For many, anxiety is an ever-present uninvited guest; in our circle of friends, among family members, and in communities at large.
It seems to be rampaging through society like a noncontagious cognitive plague, forming a low-level hum that hides in the corners of our collective minds.
In August 2018, Barnes & Noble — who are the largest book retailer in the United States — announced a huge surge in the sales of books about anxiety; a 25 percent jump on June 2017. “[W]e may be living in an anxious nation,” one press release dryly notes.
Does this surge in interest reflect a genuine spike in anxiety, or are people simply more aware of it? In this article, we ask whether anxiety truly is increasing, if wealthier nations are bearing the brunt, and why anxiety seems to be sitting in the driving seat of modern society.
Many of us — a surprisingly high percentage, as we shall see — are all too familiar with how anxiety feels. For those who have not experienced anxiety first-hand, throughout the text, we have added excerpts from personal experiences.
What is anxiety?
Anxiety is a nebulous term that covers a great deal of psychological ground. At the thinnest end of the wedge, before an exam or a job interview, we might feel anxious. This is both understandable and normal; it is not a cause for concern.
Anxiety is only a problem when it extends beyond logical worry in an unreasonable, unwarranted, uncontrollable way. Situations that should elicit no negative emotions all of a sudden seem life-threatening or crushingly embarrassing.
At the widest end of the wedge, anxiety can arrive as a symptom of another mental illness, such as panic disorders, post-traumatic stress disorder, phobias, or obsessive-compulsive disorder (OCD).
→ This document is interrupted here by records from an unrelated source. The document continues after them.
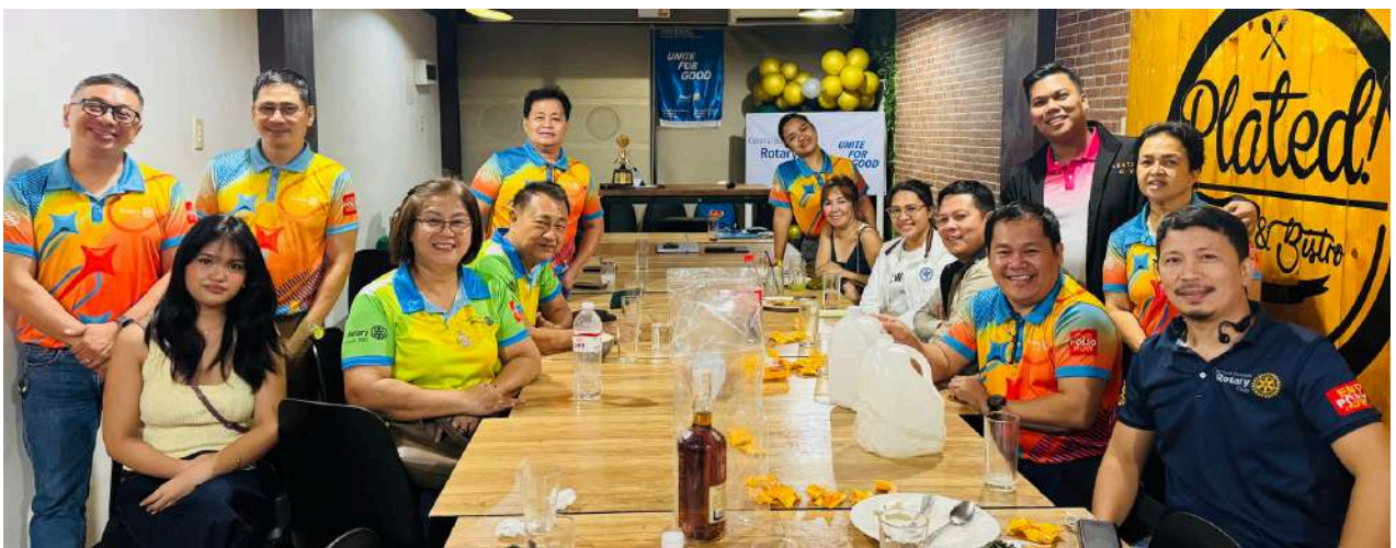
25th Regular Meeting | May 22, 2026
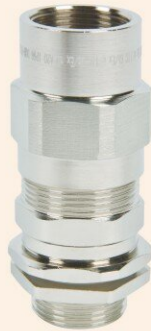
Steel pipe wiring
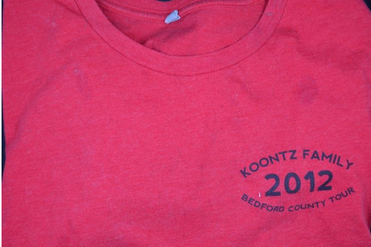
Figure 1.1 Shirt With Pipkin's Fur.
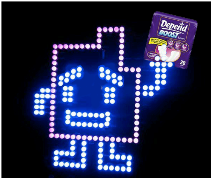
The Boston City Council recommends that the ads be changed to have a more senior-friendly feel
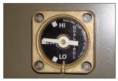
Figure 5. Liquid level gauge.
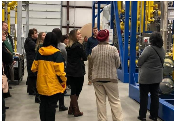
More than 40 people attended the M. Davis & Sons, Inc. tour and networking happy hour during WIC Week.
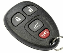
DORMAN 13715 Keyless Entry Remote 4 Button
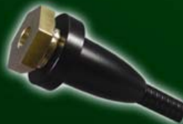
Brass screws and mounting kit fitted
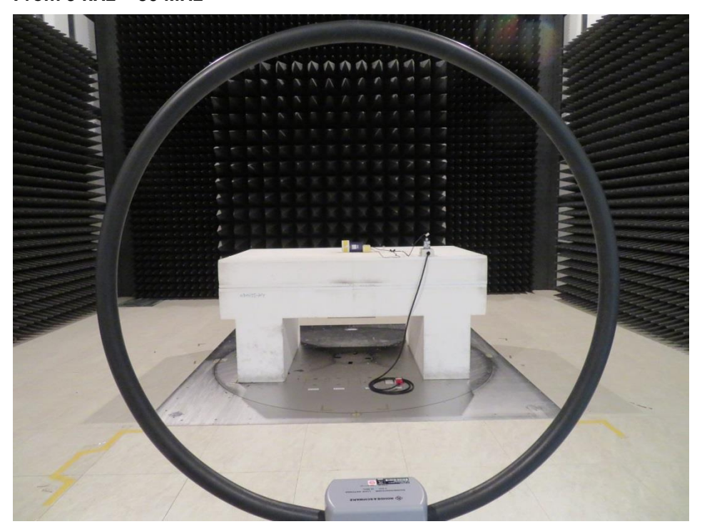
From 30 MHz ~ 1 GHz
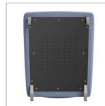
Secure Bottom Covers
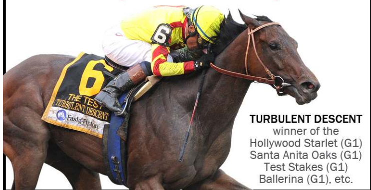
TURBULENT DESCENT winner of the Hollywood Starlet (G1) Santa Anita Oaks (G1) Test Stakes (G1) Ballerina (G1), etc.
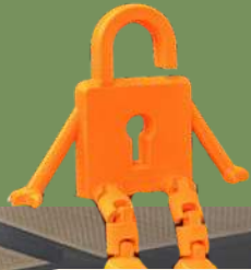
Opie, the Library's 3D-printed Open Access Week mascot
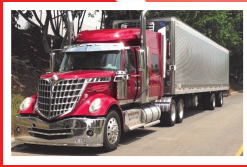
▶ DIESEL PRICES ...2
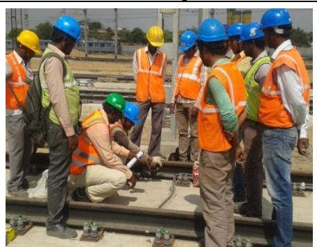
Job specific (Stud welding) Trainings are conducted to all workers and Technicians on regular basis.

When anxiety is a person’s primary symptom, it may be referred to as generalized anxiety disorder (GAD). The National Health Service (NHS) in the United Kingdom summarize GAD neatly.
“People with GAD,” they explain, “feel anxious most days and often struggle to remember the last time they felt relaxed. As soon as one anxious thought is resolved, another may appear about a different issue.”
GAD affects around 6.8 million people in the U.S. — or more than 3 percent of the country’s adults.
Another common form of anxiety is social anxiety, which affects people more specifically in social situations.
It might make someone very self-conscious, perhaps not wanting to eat or drink in front of others, fearing that people are talking about them, or worrying about being lost in a crowd. It comes in many forms.
Today, “anxiety disorders are the most common mental illness in the U.S.,” affecting around 40 million adults — almost 1 in 5 people.
Globally, the World Health Organization (WHO) say that almost 300 million people have an anxiety disorder.
Anxiety disorders are not new, either. In fact, Robert Burton wrote this description in The Anatomy of Melancholy (1621) referring to a patient of Hippocrates. It will resonate with anyone who has ever experienced anxiety.
“He dare not come into company for fear he should be misused, disgraced, overshoot himself in gestures or speeches, or be sick; he thinks every man observeth him.”
Interestingly, anxiety is not just a human experience, and evolution is ultimately to blame (or thank); as with other animals, humanity’s survival relies on our natural ability to feel anxious about genuinely dangerous situations and to be on guard.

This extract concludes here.